Collected data:
Start of Block
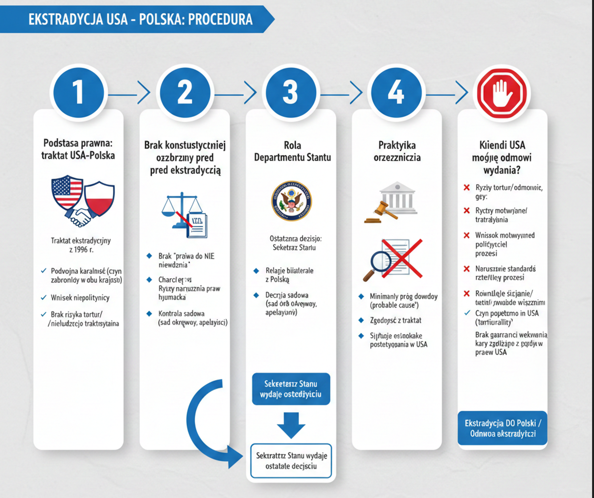 Nawet jeśli sąd federalny uzna wniosek za prawnie dopuszczalny, ostateczną decyzję podejmuje Sekretarz Stanu. Na tym etapie brane są pod uwagę czynniki pozaprawne, m.in.: relacje bilateralne z Polską, charakter zarzucanego czynu, ryzyko naruszenia praw człowieka, sytuacja osobista i zdrowotna osoby ściganej oraz ewentualne równoległe postępowania w USA. W praktyce Departament Stanu nie blokuje ekstradycji tylko dlatego, że osoba jest obywatelem USA. Obywatelstwo może być argumentem pomocniczym, ale nie stanowi przeszkody prawnej. W tym etapie Sekretarz Stanu wydaje ostateczną decyzję, która kończy postępowanie ekstradycyjne po stronie amerykańskiej.
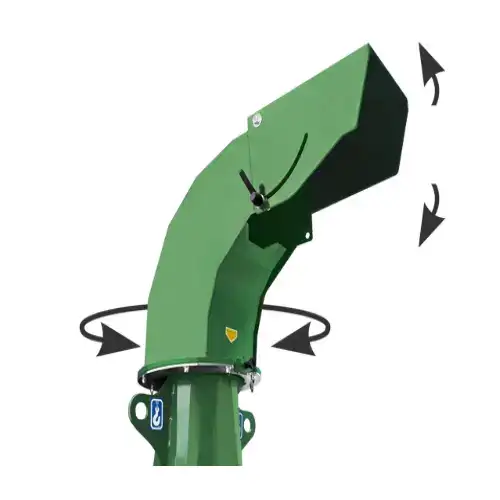 Dispõe de um tubo de ejeição rotativo, com distância e rotação ajustáveis, o que permite expedir o material triturado de forma prática e eficiente.
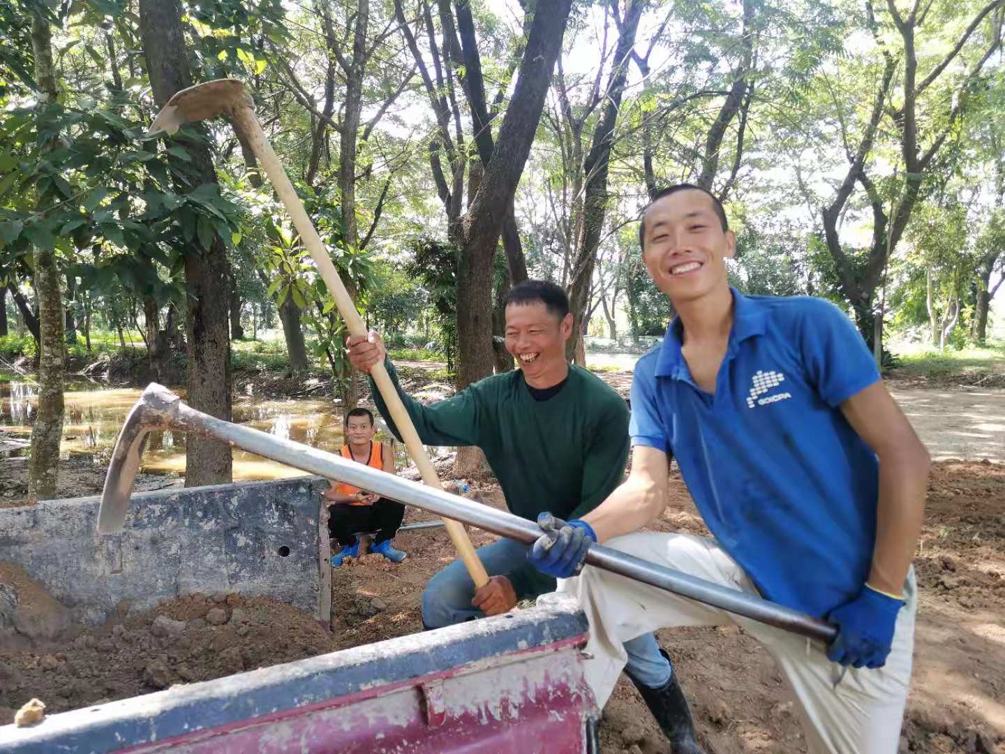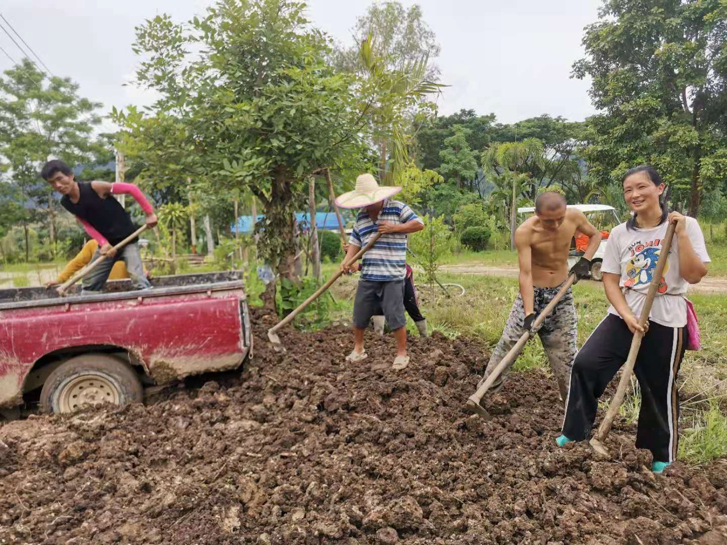 不需要幫忙時,仰樂輝一歡心去撿牛糞,摟草,堆肥,整地,移菜苗,千姿有時也和他們一起。 這裡的土壤是黏土,之前好幾位師傅嘗試種菜都未成功。 關於黏土改良,之前仰樂與千姿探討過好多次,也向有機種植專家Gei學到了一種改良方法。 最後仰樂決定,廚房前的小片菜地上,使用Gei教的方法,把黏土鏟碎和大量有機質拌勻,覆蓋稻草,噴灑液體肥和em液。 七天后便可在土壤上種植蔬菜,讓土壤慢慢變鬆軟。 廚房後的大片菜地,仰樂打算用穴施的辦法,在木料加工廠的地面上收集鬆軟的土壤,再與有機質和有機肥拌勻,拉運到菜地里,在準備種菜苗的位置把黏土刨出,用拌好的土替換掉原來的黏土。 不管用哪種方法,黏土問題不是一時半會可以解決的,需要有耐心,沉下心來,讓時間見證大家的努力!
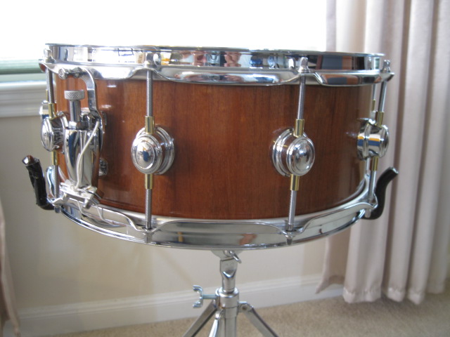 I've made a couple of stave snares. I think that kit is a stave build. It's hard to tell in the pics, but you can kinda see the line where the staves are glued together. Take a look at the one I made. Look closely and you can see where the staves are glued. I would like to know how thick the shell is. People tend to make stave shells too thick which gives a good crack but the shell doesn't resonate. I make mine about 3/8" and get a good sound. The way these are though with the single tension rods. They would be limited in tuning range. I guess they just didn't want to drill into that beautiful wood.
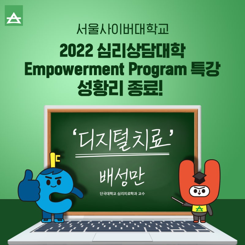 서울사이버대학교 2022 심리상담대학 임파워먼트 특강이 성공적으로 마무리 되었습니다 단국대학교 심리치료과 배성만 교수가 온라인 대학으로 2년 연속 최다 수강생으로 선정되었습니다! 1월 11일(수) 입학 지원 마감 서둘러!
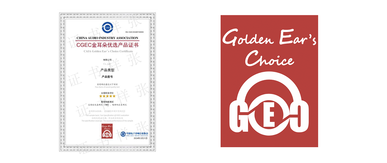 CGEC(CAIA Golden Ear’s Choice)金耳朵选择是中国电子音响行业协会推出的我国电声行业首个针对音频产品,综合客观检测与主观评价的权威性证书,是相关企业提升产品音质的重要参考依据。该认证适用于音响 / 音箱类、有线耳机类、无线耳机类、音源 / 功率放大器类、电视机类产品。
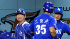 [OSEN=대전 ,백승철 기자] 29일 오후 대전 한밭구장에서 열린 '2012 팔도 프로야구' 한화 이글스와 삼성 라이온즈의 경기 4회초 2사 2루 박한이의 좌익수앞 1루타에 홈을 밟은 2루주자 조영훈이 덕아웃에서 류중일 감독과 하이파이
End of Block
» Task goal: In the answer, the entries must appear exactly as above, without the images.

» Answer box:
 Nawet jeśli sąd federalny uzna wniosek za prawnie dopuszczalny, ostateczną decyzję podejmuje Sekretarz Stanu. Na tym etapie brane są pod uwagę czynniki pozaprawne, m.in.: relacje bilateralne z Polską, charakter zarzucanego czynu, ryzyko naruszenia praw człowieka, sytuacja osobista i zdrowotna osoby ściganej oraz ewentualne równoległe postępowania w USA. W praktyce Departament Stanu nie blokuje ekstradycji tylko dlatego, że osoba jest obywatelem USA. Obywatelstwo może być argumentem pomocniczym, ale nie stanowi przeszkody prawnej. W tym etapie Sekretarz Stanu wydaje ostateczną decyzję, która kończy postępowanie ekstradycyjne po stronie amerykańskiej.
 Dispõe de um tubo de ejeição rotativo, com distância e rotação ajustáveis, o que permite expedir o material triturado de forma prática e eficiente.
 不需要幫忙時,仰樂輝一歡心去撿牛糞,摟草,堆肥,整地,移菜苗,千姿有時也和他們一起。 這裡的土壤是黏土,之前好幾位師傅嘗試種菜都未成功。 關於黏土改良,之前仰樂與千姿探討過好多次,也向有機種植專家Gei學到了一種改良方法。 最後仰樂決定,廚房前的小片菜地上,使用Gei教的方法,把黏土鏟碎和大量有機質拌勻,覆蓋稻草,噴灑液體肥和em液。 七天后便可在土壤上種植蔬菜,讓土壤慢慢變鬆軟。 廚房後的大片菜地,仰樂打算用穴施的辦法,在木料加工廠的地面上收集鬆軟的土壤,再與有機質和有機肥拌勻,拉運到菜地里,在準備種菜苗的位置把黏土刨出,用拌好的土替換掉原來的黏土。 不管用哪種方法,黏土問題不是一時半會可以解決的,需要有耐心,沉下心來,讓時間見證大家的努力!
 I've made a couple of stave snares. I think that kit is a stave build. It's hard to tell in the pics, but you can kinda see the line where the staves are glued together. Take a look at the one I made. Look closely and you can see where the staves are glued. I would like to know how thick the shell is. People tend to make stave shells too thick which gives a good crack but the shell doesn't resonate. I make mine about 3/8" and get a good sound. The way these are though with the single tension rods. They would be limited in tuning range. I guess they just didn't want to drill into that beautiful wood.
 서울사이버대학교 2022 심리상담대학 임파워먼트 특강이 성공적으로 마무리 되었습니다 단국대학교 심리치료과 배성만 교수가 온라인 대학으로 2년 연속 최다 수강생으로 선정되었습니다! 1월 11일(수) 입학 지원 마감 서둘러!
 CGEC(CAIA Golden Ear’s Choice)金耳朵选择是中国电子音响行业协会推出的我国电声行业首个针对音频产品,综合客观检测与主观评价的权威性证书,是相关企业提升产品音质的重要参考依据。该认证适用于音响 / 音箱类、有线耳机类、无线耳机类、音源 / 功率放大器类、电视机类产品。
 [OSEN=대전 ,백승철 기자] 29일 오후 대전 한밭구장에서 열린 '2012 팔도 프로야구' 한화 이글스와 삼성 라이온즈의 경기 4회초 2사 2루 박한이의 좌익수앞 1루타에 홈을 밟은 2루주자 조영훈이 덕아웃에서 류중일 감독과 하이파이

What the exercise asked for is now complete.